Shabonee (YTB-833)

History

United States
- Awarded: 5 June 1973
- Builder: Marinette Marine, Marinette, Wisconsin
- Laid down: 12 June 1974
- Launched: 29 October 1974
- In service: 16 December 1974
- Stricken: 16 February 2002
- Identification: IMO number: 8980907; MMSI number: 367690450; Callsign: WDI3646;
- Fate: Sold into commercial service

General characteristics
- Class & type: Natick-class large harbor tug
- Displacement: 286 long tons (291 t) (light); 346 long tons (352 t) (full);
- Length: 108 ft (33 m)
- Beam: 31 ft (9.4 m)
- Draft: 14 ft (4.3 m)
- Speed: 12 knots (14 mph; 22 km/h)
- Complement: 12
- Armament: None

= Shabonee (YTB-833) =

Tugboat of the United States Navy

Shabonee (YTB-833), sometimes spelled Shabonne, was a United States Navy named for Pottawatomie Chief Shabonna, grand nephew of Chief Pontiac.

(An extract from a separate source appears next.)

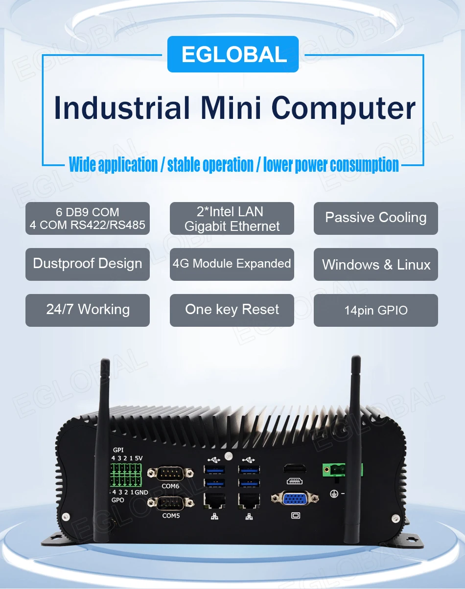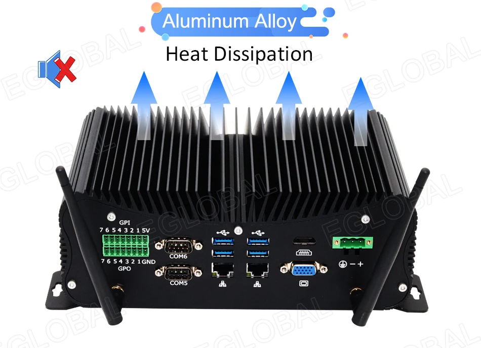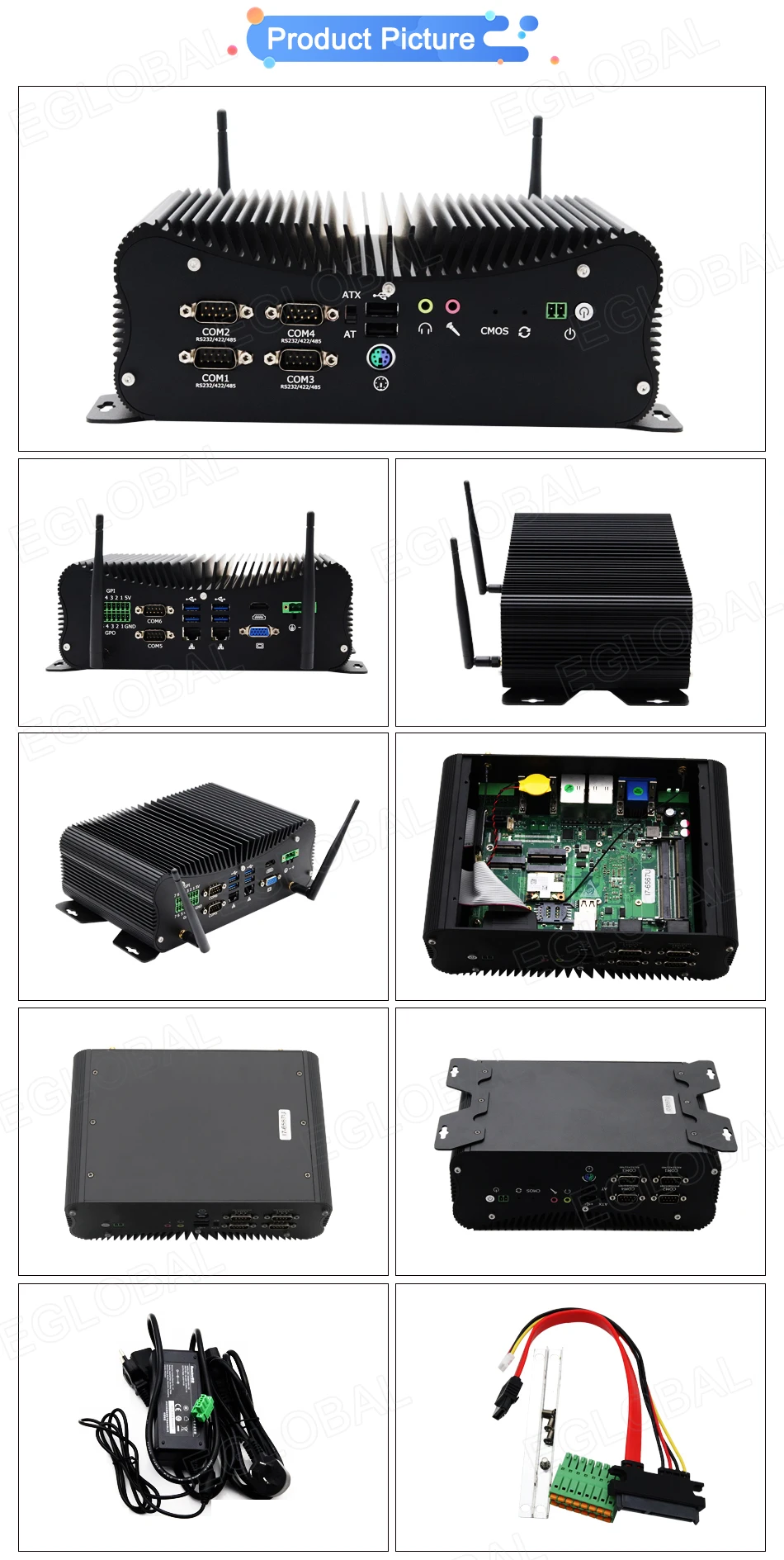 Audio1 x micrófono, 1 x SPKOtros1 x Restablecimiento, 1 x botón CMOS claro, 1 x Entrada de fuente de alimentación de terminal Phoenix de 2 pinesAlmacenamientoMSATA/M.21 ranura para SSD MSATA de, 1 ranura M.2 PARA SSD M.2 NVMeSATA1 ranura SATA3.0 para SATA HDD o SSDWi-FiMódulo1 x mini PCIE-medio puerto para módulo Wi-Fi/Bluetooth1 x mini puerto completo PCIE para módulo 3G/4G/Wi-Fi/BluetoothAntena2 x cables RF internos y 2 x antenas externasPotencia y entorno de trabajoEntradaAC/50-60HzSalidaDC + 9V ~ + 36V, recomendado 12V/5ATemperatura de funcionamiento-20/+ 60 centígradosTemperatura de almacenamiento-30/+ 70 grados centígradosHumedad almacenamiento10% ~ 90% @ 30 centígrados (sin condensación)Dimensiones y detalles del productoTamaño150*83*224mm (chasis de 248mm)PesoRed 1,3 KG, Bruto 3,5 KGCarcasaAleación de aluminio de color negro/plateado (cualquier color personalizado para pedidos a granel)Montaje4 agujeros de montaje en estucheModo enfriamientoSin ventiladorFuncionesWatchdog, AWAL, RTC, WOL (modo ATX)Contenido del paqueteEstándar1xMini PC, 1xAdaptador de corriente, 1xCable de alimentación, 1xBolsa de tornillosOpcionalAntenas Wi-Fi, 1 cable HDMI, 1 manual de usuario, 1 bolsa de tornillos larga Comprar Eglobal-Mini PC Industrial Intel Core i5, 8250U, 10210U, i7, 10510U, 2 LAN, 6 COM, GPIO, VGA, HDMI, Interfaces

Shabonee was the second US Navy ship to bear the name.

==Construction==

The contract for Shabonee was awarded 5 June 1973. She was laid down on 12 June 1974 at Marinette, Wisconsin, by Marinette Marine and launched 29 October 1974.

==Operational history==
Shabonee served at Naval Station Mayport, Florida. Stricken from the Navy List 16 February 2002, ex-Shabonee was sold to McAllister Towing and renamed Daniel McAllister. Blew an engine icebreaking in the Port of Duluth. Scrapped in the summer of 2019.